By Alissa de Carbonnel
BRUSSELS, June 6 (Reuters) – The European Investment Bank on Wednesday said it could not ignore U.S. sanctions on Iran, rejecting the EU executive plan that it to do business there in an effort to save the 2015 nuclear deal.
The pushback from the European Union’s own lending arm underscores the limits of the bloc’s ability to shield trade with Iran from the reimposition of U.S. sanctions after President Donald Trump abandoned the nuclear accord last month.
Despite its political role in supporting EU policy, the EIB said it “could not be the solution to the problem” of a push by the remaining parties to keep alive their promise of sanctions relief in exchange for curbs on Tehran’s nuclear programme.
“The EU bank is not the right tool,” an EIB spokesman told Reuters, saying its business model “would be incompatible with ignoring possible sanctions against Iran.”
The bank’s fears that its ability to raise funds on international capital markets would suffer echoes the calculation made by other European firms quitting Iran rather than risk penalties and access to the much vaster U.S. market.
But the comment, the EIB’s first since the EU executive proposed it engage in Iran last month, is a particularly hard blow coming not from a commercial bank but from an institution driven by EU policy.

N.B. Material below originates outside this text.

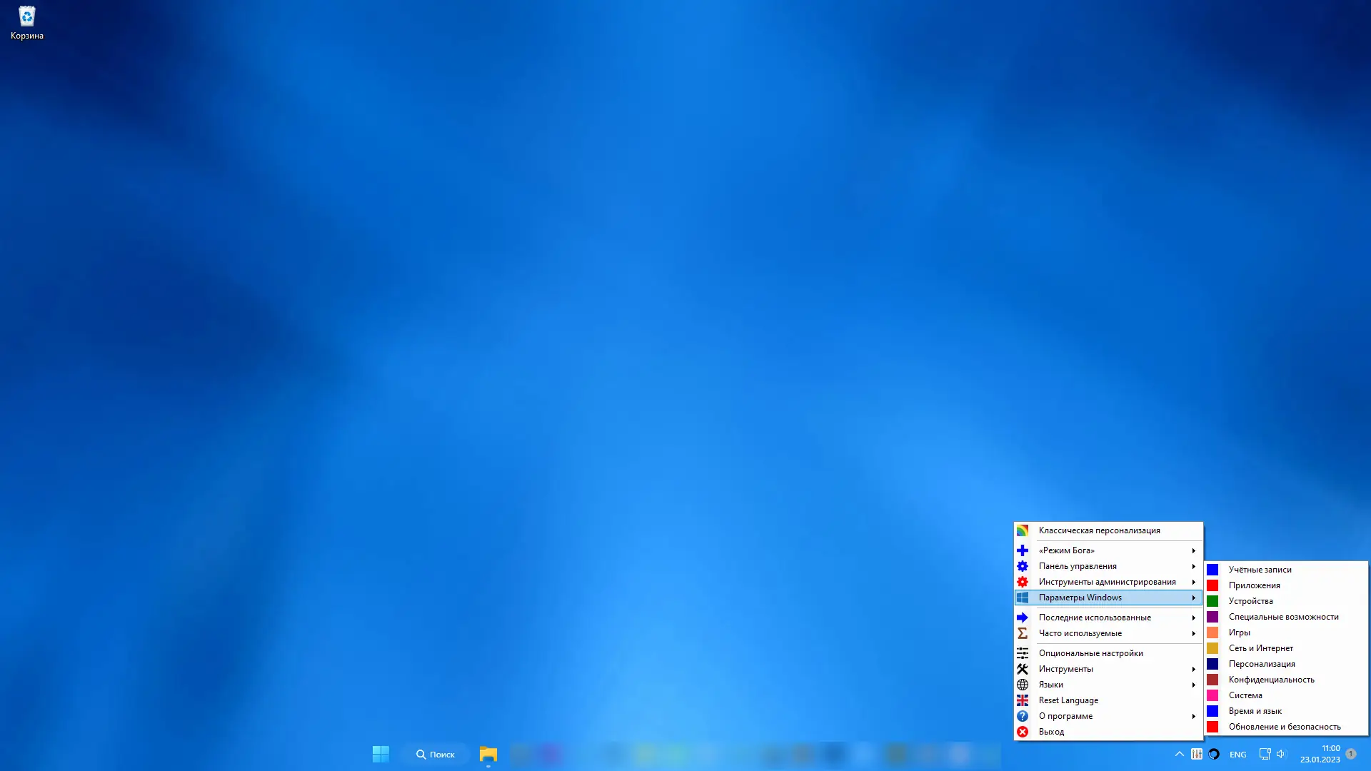 После запуска приложение размещает значок в трее, клик по которому по умолчанию открывает папку «Режим бога». Правый клик вызывает контекстное меню с группировкой функций: персонализация, системные инструменты, параметры и администрирование. Через встроенный раздел «Инструменты» можно создать ярлык «Режима бога» на рабочем столе, который будет работать независимо от запуска программы. В настройках доступно включение автозагрузки, изменение внешнего вида меню и выбор поведения при нажатии на иконку. Версия x32 считается экспериментальной, поэтому рекомендуется использовать 64-битную сборку для стабильной работы.

European Commissioners earlier on Wednesday agreed to enable the bank to work in Iran, where it has never before done business, as part of its response to Iran’s demands that it show proof of its commitment to the nuclear deal.
It is still up to the EU’s governing board – made up of the finance ministers of the bloc’s 28 nations – to decide whether to do so.
As EU sources exclusively told Reuters on Tuesday, the EIB is under pressure from the United States – where the bank raises much of its funds – to stay away from activities in Iran.
The United States has warned European firms to steer clear of commerce with Iran once sanctions on transactions in dollars with Iranian firms kick in from August.
The EU also announced on Wednesday it will activate its blocking statute, a never-before used measure that would order EU firms not to comply with U.S. sanctions.
EU officials admit, however, that while the measure may help protect small to medium-size EU firms with little U.S. exposure, it is not designed to help big global companies.
The only hope for those firms to stay in the Islamic Republic, they say, is to seek waivers from Washington’s sanctions.
Ministers from Germany, France and Britain wrote to senior U.S. officials this week singling out key areas where they expected exemptions for EU firms, including pharmaceuticals, healthcare, energy, automotive, civil aviation, infrastructure and banking.